Project leader Dr Giovinazzi says that the combined ground subsidence and damages to storm water control system following the earthquakes might have affected the ability to meet the long-term flood protection levels that residents and businesses rely upon.
``When targeting the enhanced resilience of lifelines systems to natural disasters, we wrongly tend to regard hazards as discrete events,’’ Dr Giovinazzi says.
``The Canterbury earthquakes and the earthquake and tsunami event in east Japan in 2011 demonstrate the issues impacting the resilience of lifeline systems in relation to earthquake-induced multi-hazard interactions.’’
She is working with US and Japanese researchers to assess the vulnerability of lifeline systems from a multi-hazard perspective and to identify possible combined risk mitigation strategies.

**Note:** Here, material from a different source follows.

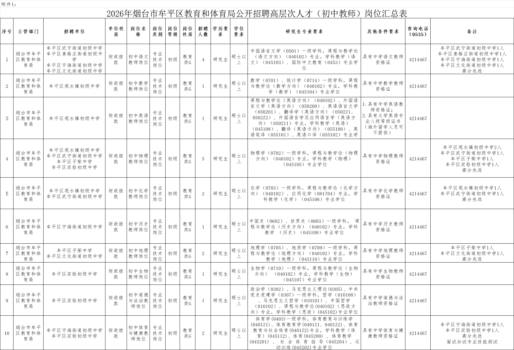 3月20日,烟台市牟平区教育和体育局发布公开招聘高层次人才(初中教师)公告,面向社会招聘20名高层次人才到初中任教,学历要求研究生,学位要求硕士以上,考试采取直接面试的方式进行,同一岗位资格审查通过人数较多的增加初试环节。具体岗位如下:

``These issues require further investigation to understand how the multi-hazard impacts on lifeline systems may be cost-effectively mitigated.’’
The assessment of cascade multiple-hazards and their implications is particular relevant for planning risk mitigation strategies for coastal communities.

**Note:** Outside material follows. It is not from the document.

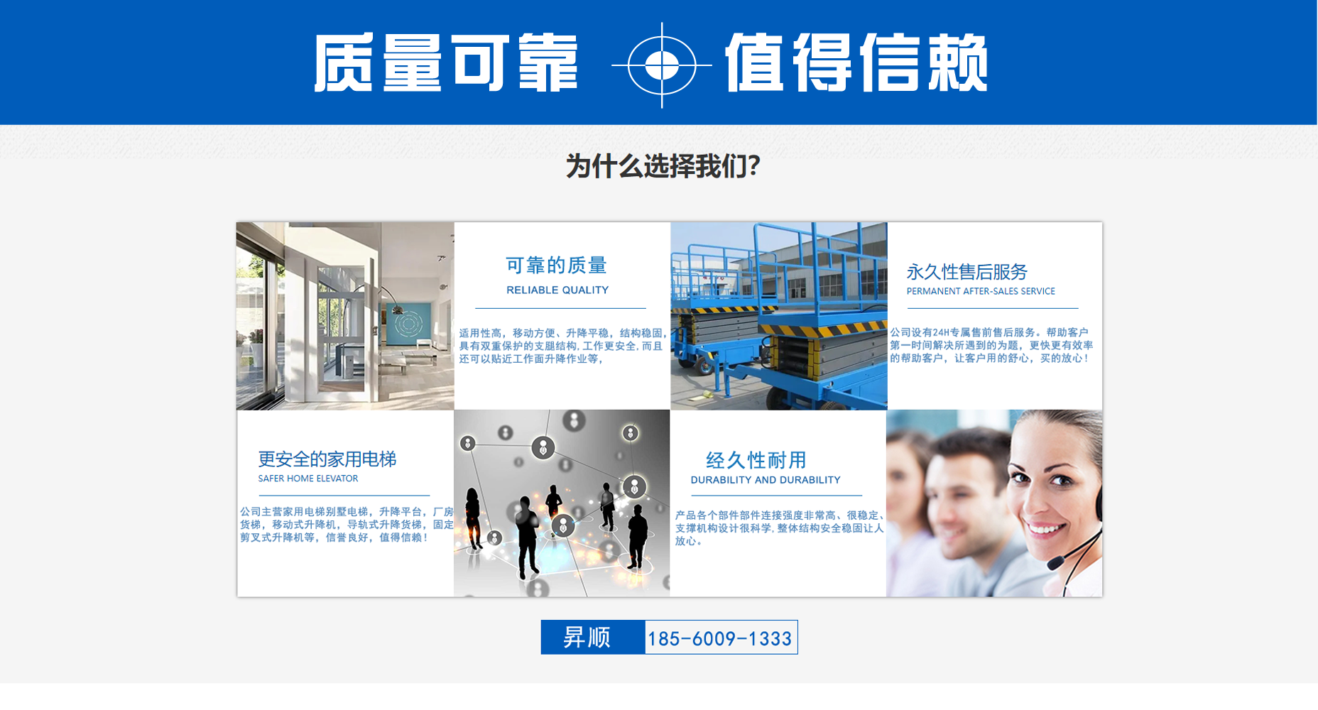 山東昇順液壓升降機(jī)械有限公司是一家主營(yíng)家用電梯,別墅電梯,升降平臺(tái),廠房貨梯,移動(dòng)式升降機(jī),導(dǎo)軌式升降貨梯,固定剪叉式升降機(jī)等產(chǎn)品企業(yè),質(zhì)量可靠,值得信賴。 用戶至上,以用戶為中心”是公司永遠(yuǎn)堅(jiān)持的服務(wù)宗旨,贏得用戶的贊許是我們的榮譽(yù),及時(shí)滿足用戶的需求,是我們公司的愿望。長(zhǎng)期以來(lái),公司員工以優(yōu)質(zhì)的服務(wù),取悅于用戶,以誠(chéng)信的言行取信于用戶,得到了用戶們的好評(píng)。我們期待著與您更加愉快的合作!公司的發(fā)展,離不開社會(huì)的大力支持,在社會(huì)的支持和幫助下,我們正昂首闊步邁向未來(lái)! 我們的經(jīng)營(yíng)方針是:以質(zhì)量求生存,以產(chǎn)品求發(fā)展,以信譽(yù)保合作,以服務(wù)贏客戶。 本公司對(duì)產(chǎn)品質(zhì)量和各項(xiàng)服務(wù)恪守合同承諾,并愿與新老客戶精誠(chéng)合作,共創(chuàng)未來(lái)。 公司精神:創(chuàng)新是主題,超越是不懈的追求。 公司宗旨:信譽(yù)保證,誠(chéng)信為本。 我們會(huì)以合理的價(jià)格,良好的信譽(yù),雄厚的實(shí)力,優(yōu)質(zhì)的產(chǎn)品,最周到的服務(wù),服務(wù)于廣大新老客戶!...

Coastal risk assessments need to be revisited because of the earthquakes. Dr Hart says lessons from Christchurch can make New Zealand’s coastal cities, like Auckland, Wellington and Dunedin, more disaster-resilient.
``Preparing and planning for future major events avoids exacerbating existing and future coastal hazards,’’ Dr Hart says.
``The events of 2010 and 2011 triggered extreme liquefaction, flooding, sub-aerial and submarine ground deformation, riverbank rafting and channel shrinkage, fine sediment pulses in tributaries, streams, estuaries and beaches, pollutant leakage into waterways and widespread failures of coastal and riverside lifelines networks.’’
The UC project is being funded by the Natural Hazard Research Platform of New Zealand and will include a masters postgraduate student soon to be appointed.
The research will be conducted in collaboration with crown research agencies NIWA and GNS Science, and with local and authorities including Stronger Christchurch Infrastructure Rebuild Team (SCIRT), Environment Canterbury and the Christchurch City Council.
Civil and natural resources engineers Dr Alessandro Palermo and Dr Tom Cochrane and geography researcher Dr Christopher Gomez are also working on the project.
Dr Sonia Giovinazzi.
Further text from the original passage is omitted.